Après Addis-Abeba, pensons dialogue

La signature, annoncée avec fracas et attendue avec une certaine fébrilité, de l’Accord cadre relatif au retour de la paix dans la partie Est de la République Démocratique du Congo, appartient désormais au passé. Mais la partie la plus importante, la plus délicate, de cet accord, reste maintenant sa mise en pratique.

Même à l’église, l’Amen ne garantit pas l’application par les fidèles des recommandations du pasteur, encore qu’aucune garantie n’est assurée quant au respect par le pasteur lui-même de tout ce qu’il débite sur la chaire. Dans le domaine politique, où la morale n’est jamais un critère d’acceptation, c’est encore pire. Les bonnes intentions ne manquent pas, des esprits élevés disposés à les appliquer correctement, tel que convenu, ne sont pas non plus une espèce disparue. Mais les réalités qu’offre la pratique de la politique, et cela à travers le monde, requièrent toujours, de la part des observateurs avertis, de la circonspection.

L’Accord qui a été signé à Addis-Abeba a mérité d’être salué par tous ceux que les questions de la RDC intéressent. Il appartient à présent à tous les signataires de respecter effectivement les engagements ainsi pris devant le représentant et patron de l’organisation mondiale, et de veiller à la stricte application des résolutions prises.

Mais il appartient surtout à la RDC, principale concernée, de prendre le taureau par les cornes en ôtant aux uns et aux autres les éventuelles raisons pouvant habiller les futurs appétits pyromanes.

Alors que se poursuivent encore les pourparlers Gouvernement-M23 à Kampala, l’actualité nationale congolaise polarisée quelques temps par la capitale éthiopienne revient sur le dialogue national qui prend de plus en plus corps au fil des jours.

En effet, à l’intérieur comme à l’extérieur du pays, la plupart de ceux qui critiquent la gestion actuelle de la RDC évoquent la bonne gouvernance. Certains d’entre ces critiques le disent en connaissance de cause. Mais pour bien d’autres, il ne s’agit-là que d’un nouveau vocabulaire politique, alléchant, qui montre qu’on est branché. La bonne gouvernance est un terme globalisant, qui a plusieurs points en son sein, et qui peut se résumer par la realpolitik.
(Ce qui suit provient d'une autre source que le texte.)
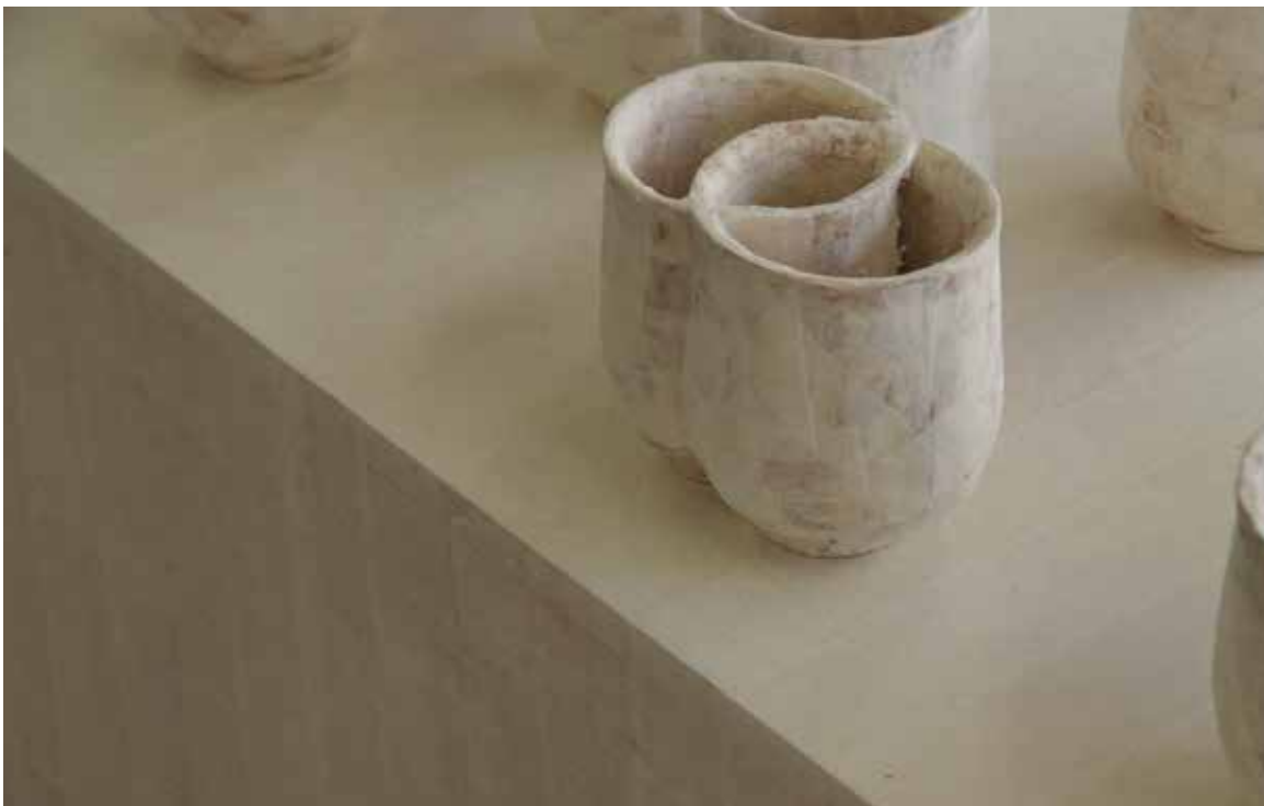
《Position (彼女と湯呑み)》2021年 / 和紙、柿渋、墨、湯呑み / h108.5 × w180 × d30cm Position (she with teacup) , 2021 / Japanese paper, persimmon tannin, ink, Japanese teacup / h108.5 × w180 × d30cm

Les uns et les autres veulent voir un Congo gouverné autrement, faisant réellement participer la population aux efforts vers l’émergence, condamnant les antivaleurs, punissant réellement les mauvais citoyens afin de les corriger et d’amener les autres à un respect effectif du bien public. Un Congo dépouillé du clientélisme, du favoritisme, du régionalisme, du tribalisme et qui fait plutôt l’apologie de la méritocratie. Un Congo dans lequel la justice distributive cessera d’être un terme tabou pour devenir une évidence.

Le dialogue ne doit pas constituer un piège pour le peuple, celui d’amener les acteurs politiques de tous bords à se retrouver finalement dans une messe noire devant conduire au tripatouillage de la Constitution. C’est en cela que constitue le souci de sauver la démocratie. Personne n’a le droit de chier sur tous les efforts consentis depuis plus de deux décennies maintenant. On ne doit pas avoir la mémoire courte. Nul ne doit cracher sur cette importante marée de sang, dont la quantité ne sera jamais appréciée à sa juste valeur, qui a accompagné la naissance de la démocratie dans notre pays.

La RDC a pris l’engagement de se lancer véritablement sur les voies devant la faire entrer dans le cercle des pays émergents. Elle doit résolument s’y mettre au lieu de rester dans des discours. Le vœu formulé en direction de différentes personnes qui prendront part au futur dialogue national se résume en trois points essentiels : évitons le piège, sauvons la démocratie et pratiquons enfin la bonne gouvernance.

Le dialogue doit être un lieu d’échange des idées pour le réajustement de ce qui trébuche car le pays appartient à tous les Congolais, perdants comme vainqueurs de 2011. Mais il serait indigeste, même glissant, que certains y aillent en pensant à leur repositionnement.

Les élections doivent demeurer le seul mode d’accès au pouvoir. Dialoguons, entre autres, en cogitant sur les mécanismes d’empêchement de la fraude électorale puisque c’est apparemment la véritable pierre d’achoppement. Apportons nos idées pour la formation d’une armée véritablement républicaine, forte, persuasive autant que dissuasive. Un si grand pays doit impérativement se doter d’un système de défense conséquent. La souveraineté, on ne la proclame pas. Après l’avoir acquise, on la défend. Il n’y a pas à se leurrer. Les rapports des nations entre elles sont et resteront éternellement ceux de force. Les larmes sont bonnes pour les faibles. Mais les faibles ne sont pas condamnés à le demeurer. Plus que jamais, la survivance appartient aux plus aptes. Et le Congo a tout pour être apte.